Suburb of Shrewsbury, England

Meole Brace, also known simply as Meole (/ˈmiːəl/ MEE-əl), is a south-western suburb of Shrewsbury, in the civil parish of Shrewsbury, in Shropshire, England.

The Rea Brook, a tributary of the River Severn, flows through the area. The brook was in the past known as the "Meole Brook".

Meole Village is the name used locally for the older part of Meole Brace, which was originally a village outside Shrewsbury. It still retains a village feel, though it is surrounded by newer urban development. This older settlement lies on the route of a Roman road and could be older than the town of Shrewsbury.

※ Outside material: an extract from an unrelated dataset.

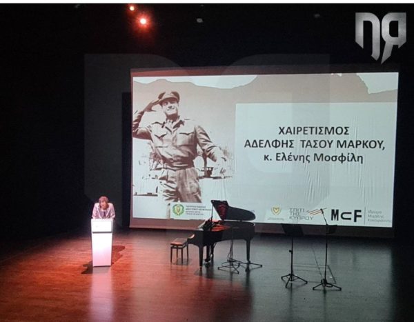 Στην εκδήλωση προχώρησε σε ομιλία η αδελφή του Τάσου Μάρκου, Ελένη Μοσφίλη, ενώ συγκινητική στιγμή στην εκδήλωση, ήταν και η ομιλία του συμμαθητή του ήρωα από την Σχολή Ευελπίδων.

Nearby are the small villages of Nobold and Pulley.

== History ==
In 1931 the parish had a population of 2253. On 1 April 1935 the parish was abolished and portions merged with Shrewsbury, Condover and Great Hanwood.

===Etymology===
Meole Brace takes the first part of its name from the Meole Brook, the etymology of whose name is debated. The settlement is first attested under this name in the Domesday Book of 1086, as Mela. Thereafter the name is usually attested in the plural, with thirteenth-century spellings including Meles, Moles, Meoles and Mueles. It is thought that the name came to be used in plural form because several different landowners held parts of the Meole estate. The name is first attested with the addition of Brace in 1274, as Melesbracy. This element comes from the name of the de Braci family, which held part of the land at Meole.

===Early history and archaeology===
An Iron Age double ring ditch has been excavated at Meole Brace. Amongst other finds, parts of an Iron Age sword and scabbard were recovered.

Also at Meole Brace, an extensive roadside settlement along the line of the Roman military road connecting Viroconium Cornoviorum (Wroxeter) and Caersws was uncovered, with evidence of trading of amphorae and mortaria.

==Amenities==
The A5112 (Hereford Road), formerly the A49, is the main road running north–south. There is a large retail park in Meole Brace, with several leading retailers. The Welsh Marches and Cambrian railway lines run through the area, but there is no longer a railway station here, which closed to passengers in 1933.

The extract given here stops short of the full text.